Abstract
Background/Aims When new medications are introduced, safety data are often sparse. Health plan data may be useful for active surveillance for adverse events. We conducted a 12-month pilot study to demonstrate the feasibility of prospective active surveillance using data from several large health insurers. This presentation will summarize logistical challenges and lessons learned.
Methods We studied the safety of generic divalproex sodium, an antiepileptic drug introduced in July 2008, compared to the branded drug. We performed monthly surveillance using the maximized sequential probability ratio test, comparing observed outcomes in new users of the generic drug to expected counts based on new users of the branded drug from January 2002 – June 2008. Programmers at four HMO Research Network sites extracted data monthly, ran quality control (QC) programs, and returned summary tables to the lead site. Medication exposure was identified from outpatient pharmacy dispensings. Outcomes identified from health plan utilization data included potential adverse effects (e.g. pancreatitis and liver disease) and efficacy outcomes (e.g. hospital or emergency department visits for seizures.)
Results We will discuss lessons learned related to data sharing and HIPAA compliance, timing and synchronization of data pulls, and QC activities. Obtaining IRB approval took 3.5 months, and protocol development took 7 months. Developing the analytic program required two rounds of corrections, one leading to meaningful changes in results. QC programs identified substantial differences in monthly extracts across sites. Some QC flags required only understanding differences across sites, but others revealed data problems requiring resolution at the site level. Overall, 14% (4/28) of monthly extracts across the four sites could not be used due to underlying data problems or lack of analyst availability for timely extracts.

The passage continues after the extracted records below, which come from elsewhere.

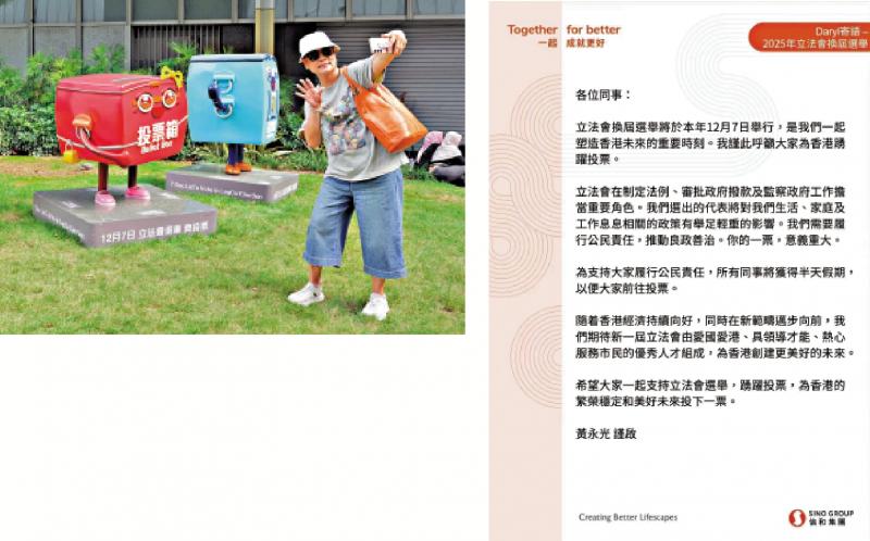 左圖:多個政府部門、公營機構近日紛紛向員工發信,呼籲十二月七日踴躍投票!\大公報記者黃洋港攝;右圖:信和集團主席黃永光昨日向逾萬全體員工發出一封號召信函,呼籲全體員工在立法會選舉踴躍投票,表示當日會給予所有員工半日假期,以便前往投票。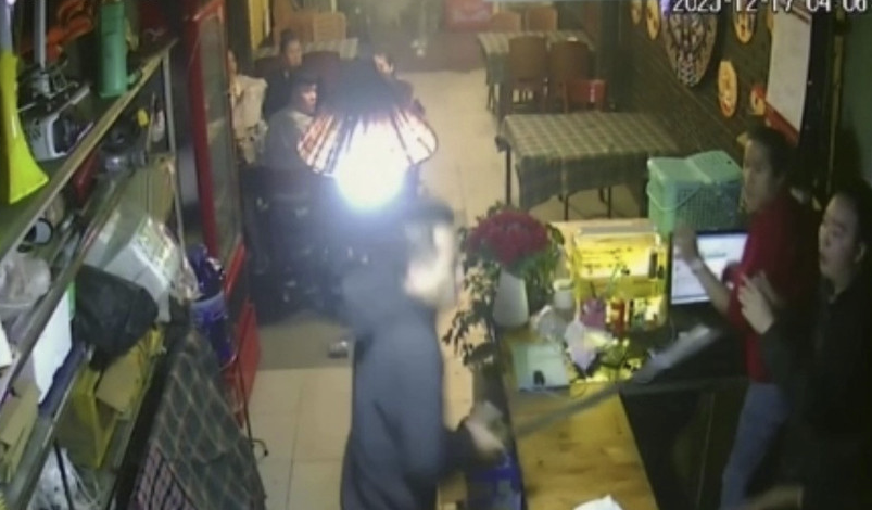 Các đối tượng xông vào khu vực quầy của quán nhậu rồi đâm, chém liên tiếp vào nhiều người, trong đó có nhân viên quán.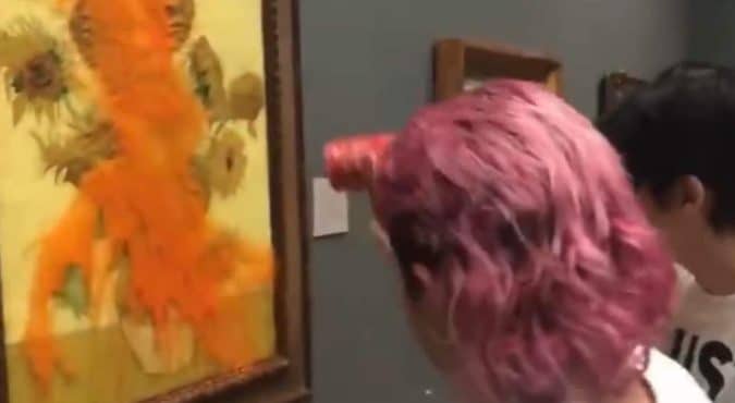 Due attiviste della campagna di protesta anti-petrolio Just Stop Oil hanno lanciato zuppa di pomodoro sui Girasoli di Van Gogh alla National Gallery. A darne la notizia -poi ripresa dai media britannici- è stato il movimento ambientalista, che ha diffuso un video. Dopo l'attacco le 2 attiviste si sono incollate al muro e sono poi state arrestate. Tre mesi fa sempre alla National attaccata una tela di Constable. La versione inglese dei Girasoli -in tutto 7, e 4 esposte ad Amsterdam, Tokyo, Monaco e Filadelfia- è stimata 80mln di euro. (Rainews.24)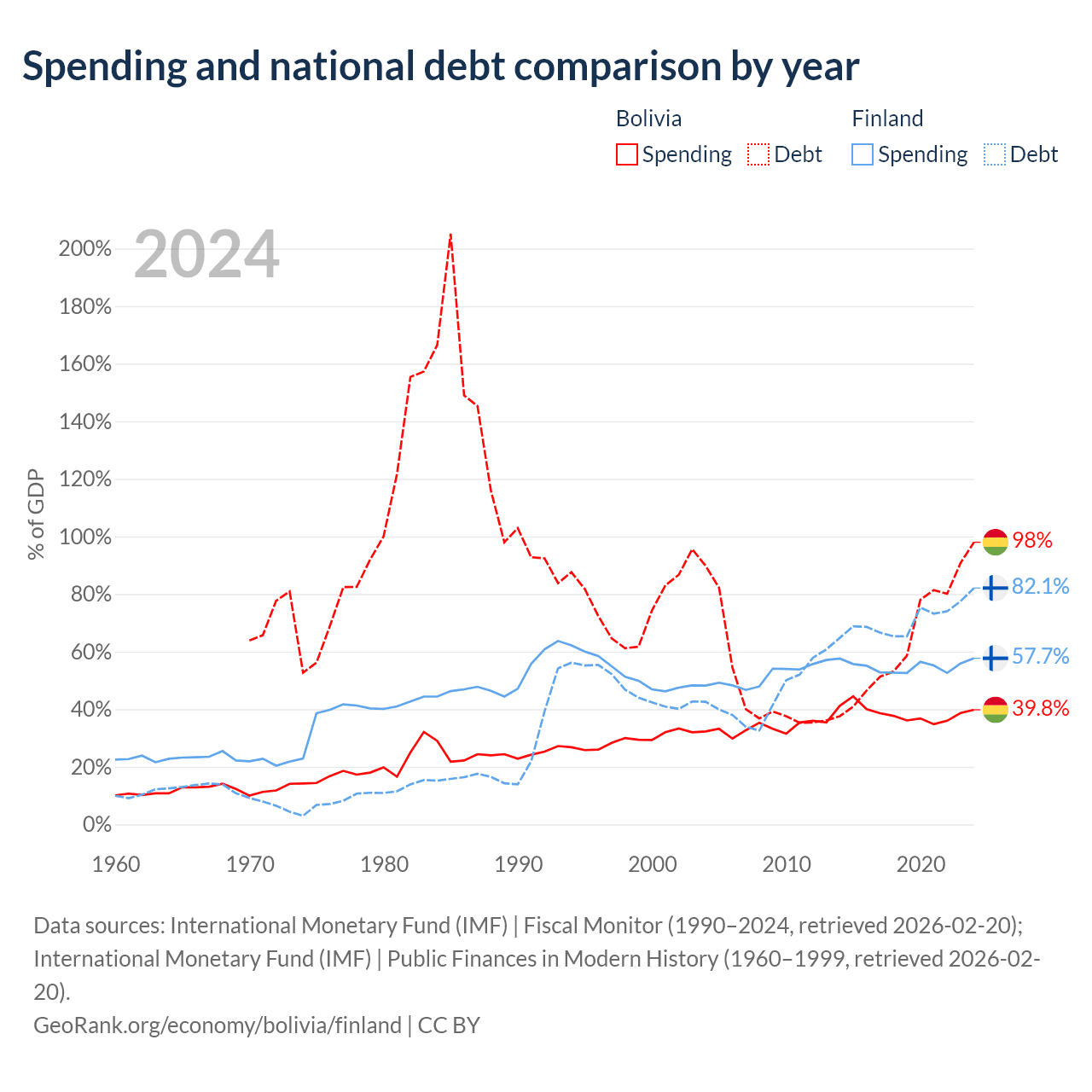 Bolivia has $53.8B in government debt (98% of GDP), compared to $245B (82.1% of GDP) in Finland.

Conclusions Prospective drug safety surveillance is feasible, but future projects should anticipate the need for longer timelines and multiple revisions to data pulls and analytic programs. They should develop approaches to handling missing data, because some data pulls will not be usable. QC activities should continue throughout study implementation. A knowledgeable, engaged lead at each site is vital to ensure accuracy and appropriate interpretation of each site’s data.